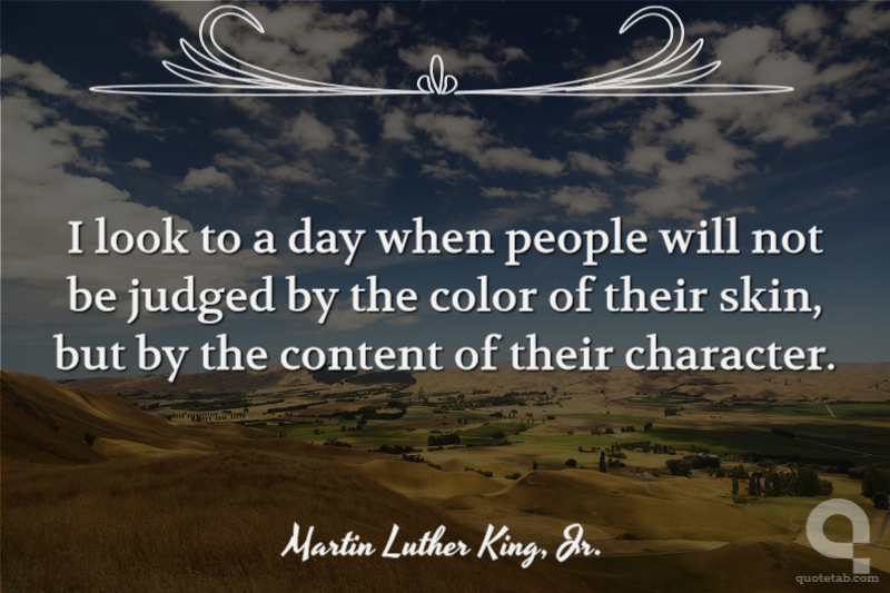 I look to a day when people will not be judged by the color of their skin, but by the content of their character.
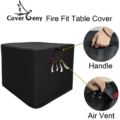 The square fire pit cover fits fire table size up to 27"L x 27"W x 24"H. Also fits fire pits such as 24 x 24 inch, 25 x 25 inch, 26 x 26 inch. Fits for Zeny 26" fire pit, Sunjoy 26" fire pit, Cook Time 26" fire pit, Hykolity 26" fire pit or other fire pits.
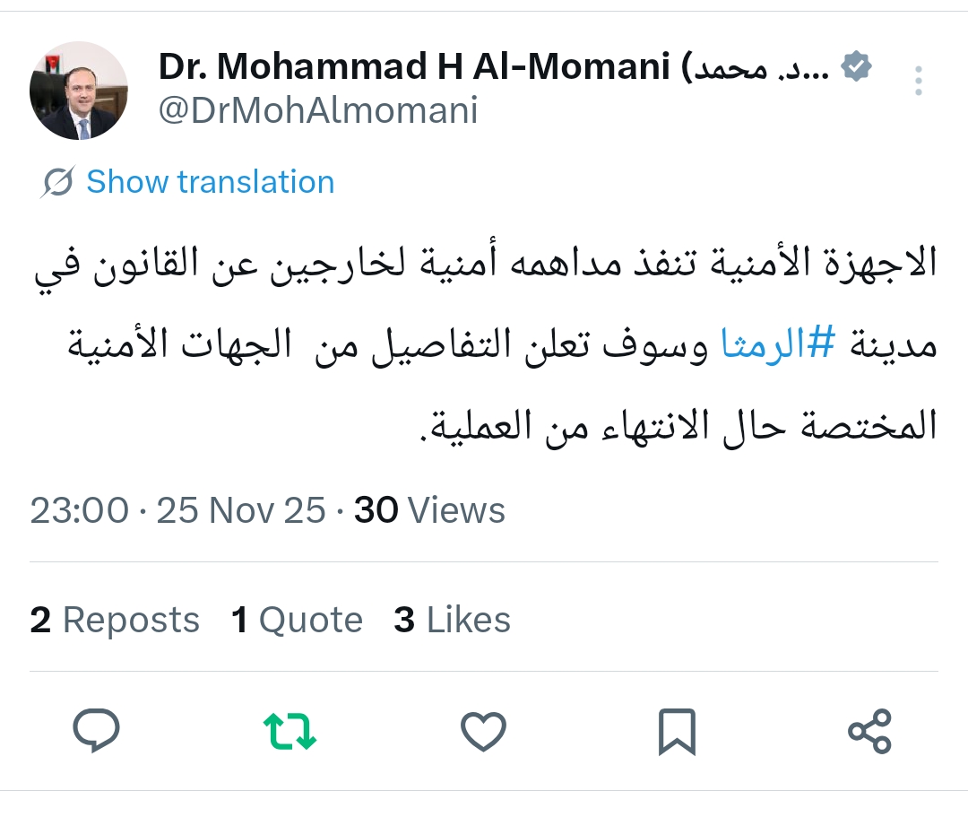 بينما قال وزير الاتصال الحكومي والناطق الرسمي باسم الحكومة في تغريدة له عبر موقع "اكس" ان الأجهزة الأمنية تنفذ مداهمة أمنية لخارجين عن القانون في لواء الرمثا.
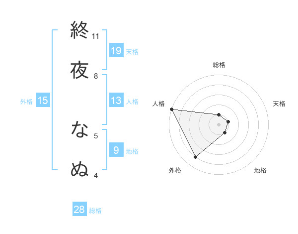 終夜 なぬさんの天格は19画の1点!
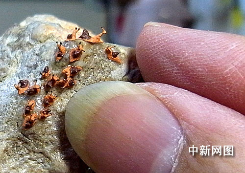 圖為臺灣著名微雕家陳逢顯創(chuàng)作的世界最小“蝸!比海恐晃伵5臍、觸角、眼睛兼具,有形有神。中新社記者 陳立宇 攝
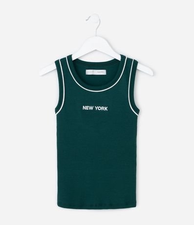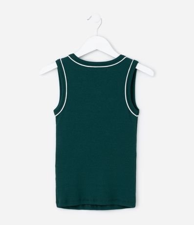 Ref: Regata infantil confeccionada em ribana canelada, com gola halter e viés contrastante que valoriza o design. Possui modelagem baby look e bordado frontal com lettering, entregando visual moderno e agradável ao uso. Confeccionada em algodão certificado BCI.
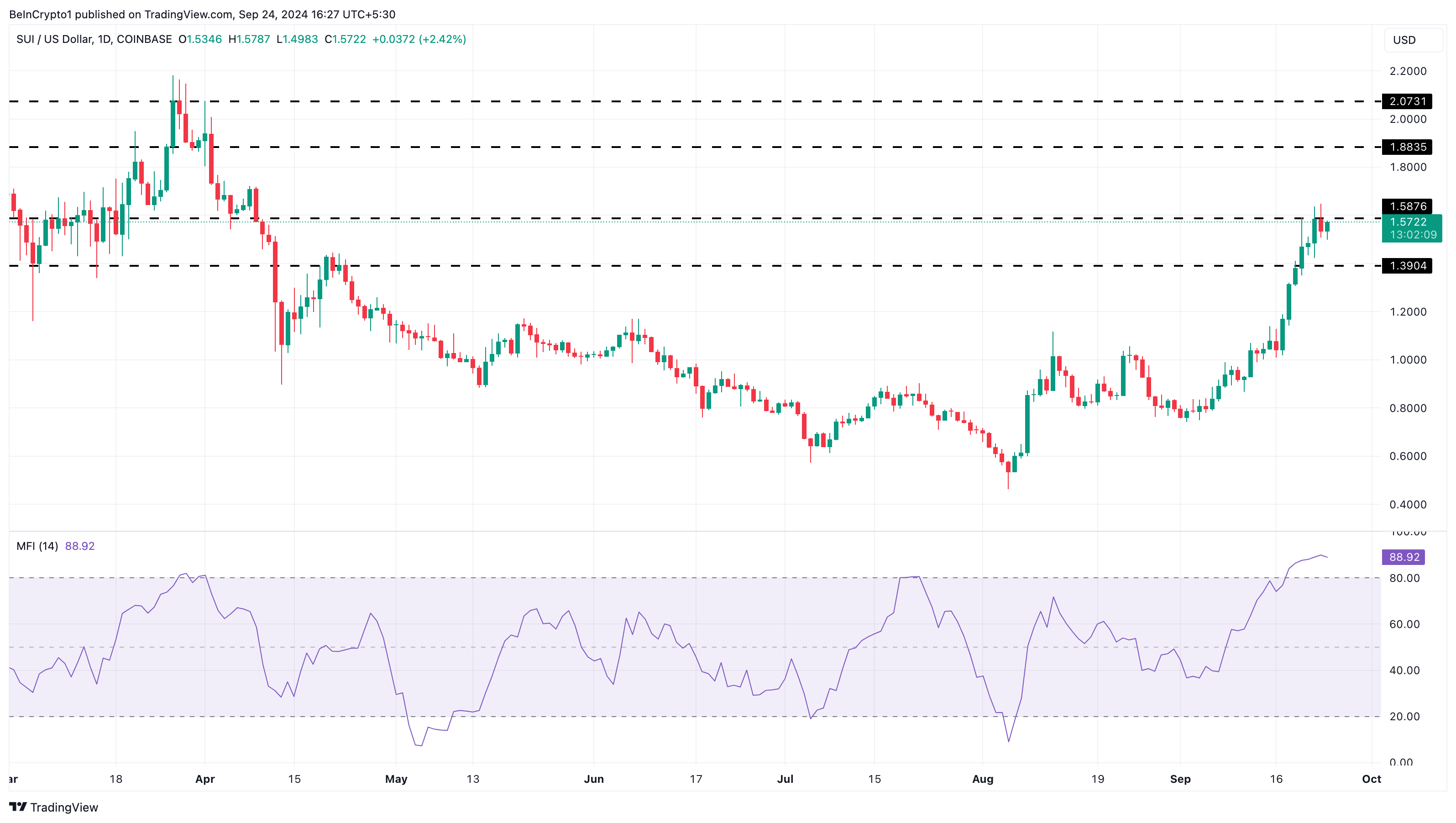 ในช่วงเจ็ดวันที่ผ่านมา ราคาของ SUI เพิ่มขึ้น 40% และปัจจุบันอยู่ที่ 1.55 USD ขณะเดียวกัน กราฟรายวัน SUI/USD แสดงถึงการเพิ่มขึ้นของดัชนีการไหลเข้าของเงิน (MFI) การเพิ่มขึ้นนี้บ่งชี้ถึงการเพิ่มขึ้นของแรงกดซื้อ อย่างไรก็ตาม MFI ยังสามารถบ่งบอกได้ว่าสกุลเงินดิจิทัลถูกซื้อมากเกินไปหรือขายมากเกินไป
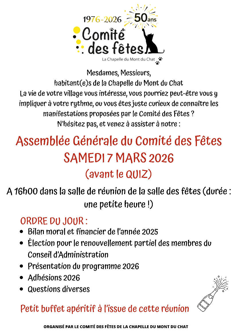 Nous vous rappelons l'Assemblée Générale du Comité des Fêtes ce samedi 7 mars à 16h00.
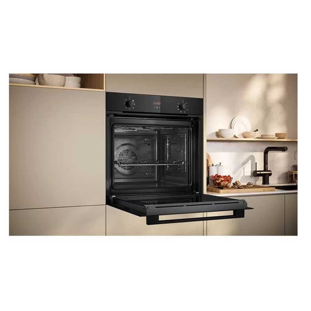 The Neff B1DCC0AK3B Built-In Single Oven presents an ideal cooking solution, designed to elevate your culinary experience. With its innovative CircoTherm technology, this oven ensures that your dishes are cooked to perfection, utilising up to three levels simultaneously for optimal heat distribution. Its sleek and modern design incorporates advanced features like five primary heating options, which include CircoTherm, top/bottom heat, Circo-roasting, full surface grill, and CircoTherm gentle, making it versatile enough for both avid cooks and those who enjoy the occasional baking session.
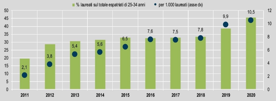Nella Fig. 2 vediamo che, nei dieci anni considerati (2011-2020), è progressivamente aumentata la percentuale di laureati che hanno deciso di espatriare (passando dal 2 a più del 10 per mille). È anche aumentata la percentuale dei laureati sul totale dei giovani espatriati, passando dal 20% a più del 45%. Come ricorda il recente Rapporto Annuale 2023 ISTAT: “la meta preferita dai giovani laureati italiani è il Regno Unito. Nel triennio 2019-2021, questo Paese ha accolto circa un quarto dei flussi dei giovani espatriati tra i 25 e i 34 anni in possesso di almeno la laurea, seguito da Germania (13%), Francia (9%) e Svizzera (8%)”.
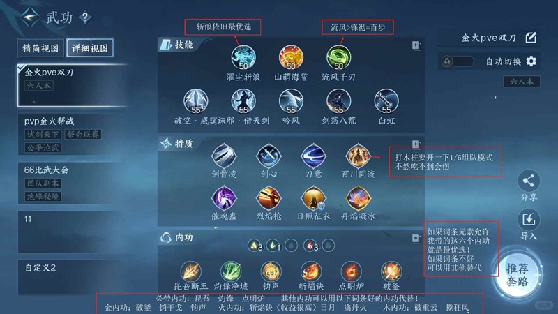 如果词条元素允许我图中带的这六个内功就是最优选!如果词条不好可以用其他替代

- [YOUR GOAL]: Begin at the first line of the entries and stop after the line holding "The square fire"; repeat those lines exactly, but not the pictures.

- [SOLUTION TO THE PROBLEM]:
 I look to a day when people will not be judged by the color of their skin, but by the content of their character.
 The square fire pit cover fits fire table size up to 27"L x 27"W x 24"H. Also fits fire pits such as 24 x 24 inch, 25 x 25 inch, 26 x 26 inch. Fits for Zeny 26" fire pit, Sunjoy 26" fire pit, Cook Time 26" fire pit, Hykolity 26" fire pit or other fire pits.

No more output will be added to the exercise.